Erschöpft hielt der Goldschmied inne; er schlug seine Hände vor das Gesicht und zwischen den Fingern tropfte es herab. –

Fast schien es, als ob keiner der Beiden wieder Worte finden möchte. –

Es waren Thränen des bittersten Schmerzes, und Albrecht hatte seinen Vater noch nie weinen gesehen. Tief ergriffen sprang er endlich auf, warf an des Alten Brust sich und fragte schluchzend: »Um Gott, Vater! und was kann ich und was soll ich dabei thun? – Kann ich Euch retten? – nehmt mein Blut, nehmt mein Leben – ich danke ja Alles nur Euch, nehmt dafür auch Alles, was ich bin und was ich habe!«

Dürer ließ die Hände in den Schoß fallen; das thränennasse Auge schimmerte in dem Wiederscheine des Mondes so wehmüthig auf und in das Lächeln des Mundes stieg ein so tiefer Gram und aus dem Beben der Stimme sprach eine so schwere Besorgniß.

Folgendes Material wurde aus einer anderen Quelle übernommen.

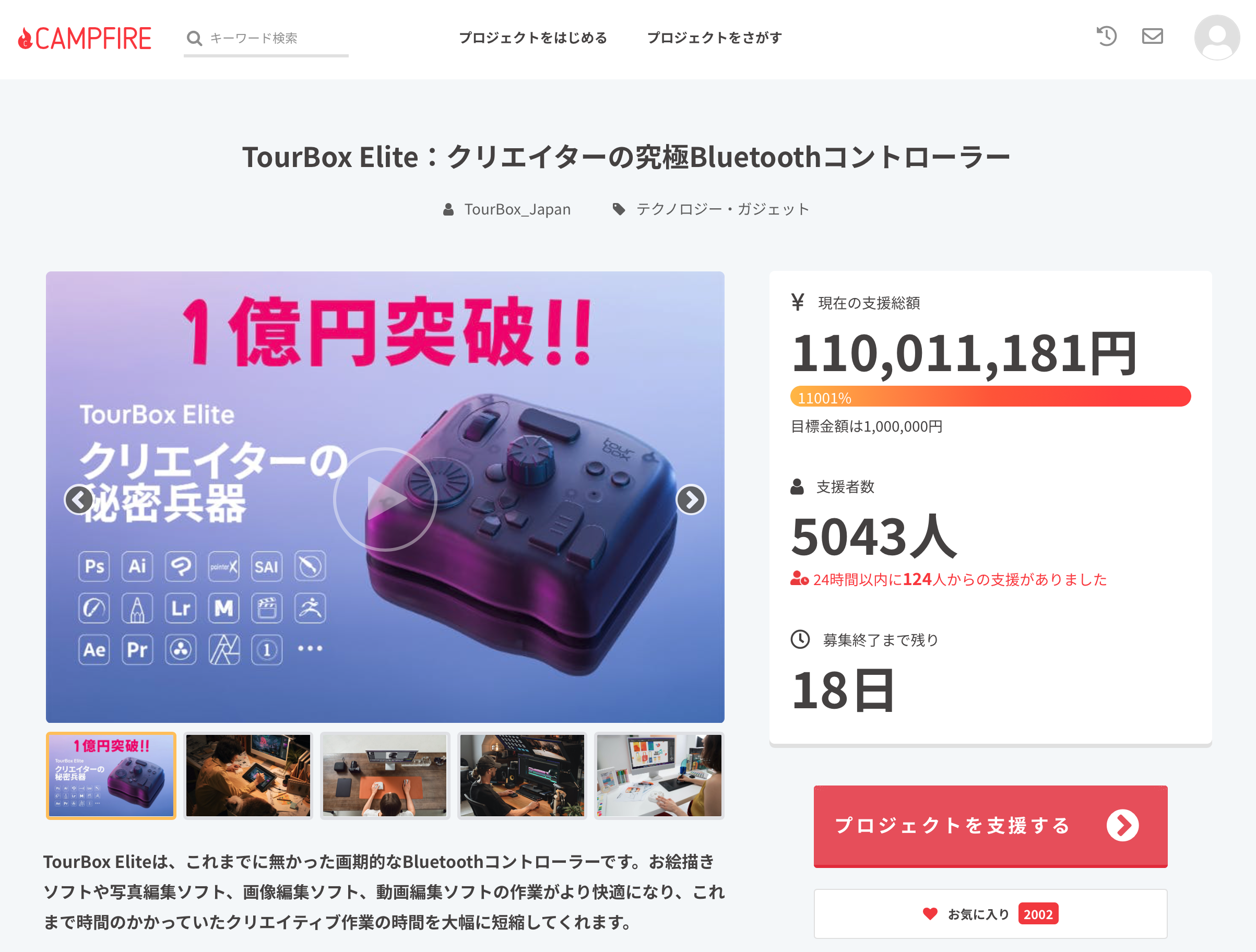 2021年11月、アメリカのクラウドファンディングにおいて『TourBox Elite』のプロジェクトを実施。支援額は約$710,000(約8,157万円)、バッカー(支援者)は2827人を達成しました。『TourBox』シリーズのクラウドファンディングにおいて最高記録を出しました。

»Du wolltest Alles mir zum Opfer bringen, Albrecht, wirklich Alles? – auch – Dein Herz?« –

Flammengluth und Todtenblässe wechselten blitzesschnell in dem Gesichte des Jünglings. Er hatte den bekümmerten Vater wohl verstanden. Es galt nun den schwersten Kampf des Lebens zu kämpfen – das fühlte er nur zu deutlich, das sagte ihm das ängstlich klopfende Herz, das sagte ihm der Thränenblick des geängstigten Vaters. Er vermochte keine Antwort zu geben.

Und ganz leise, in einem Tone, der ungewiß ließ, ob ihn die Thräne dämpfte, ob freier Wille, fuhr der Goldschmied fort: »Du liebst die Pirkheimerin, Du liebst Katharina. Du, sie und Willibald sind ja mit einander aufgewachsen – und sie ist ein so schönes und was noch mehr, sie ist ein so frommes, gutes Mädchen, – Du mußtest sie ja lieben. Aber ihr Vater, Albrecht, ihr Vater ist der stolze und reiche Consulent Nürnbergs; die Höfe von Bayern und Oesterreichs rufen ihn, den hochgelehrten Doktor der Rechte, wenn es gilt, Streit beizulegen, und goldene Kettlein und Aemter und Würden sind dem fürnehmen Patrizier. Wenn auch der Sohn Dir zugethan, wenn auch Dein Willibald vergessen könnte und würde, daß Albrecht nichts als den Pinsel und das Farbenbrett sein nennt – nimmer würde es der Vater Dir vergessen, welcher in Dir nur den armen Goldschmiedssohn, den ungekannten, unberühmten Maler sieht, der wohl vielleicht Talent, gewiß aber weder Goldgulden noch Pfunde Heller hat, und nimmer würde es vergessen die stolze Löffelholzin, die Mutter Deiner Herzgeliebten!«

»Bis aber, Du, mein Sohn, errungen, wonach Du strebst, sind Deine Wangen gebleicht, sind Deine Eltern verarmt und als schlechte Zahler geschändet und geächtet und vor Gram und Kummer in das Grab gestürzt!«

Der alte Dürer schwieg. Thränen erstickten seine Stimme. – Auch Albrecht fühlte sich außer Stande, nur ein Wort zu sprechen; er wußte es, die Ahnung seiner Zukunft lispelte es ihm zu, der Vater habe noch nicht Alles ihm vertraut. Aber er fühlte es auch, wie seines Herzens Blüthen, so schnell sie sich erschlossen, so schnell auch wieder zu welken begannen.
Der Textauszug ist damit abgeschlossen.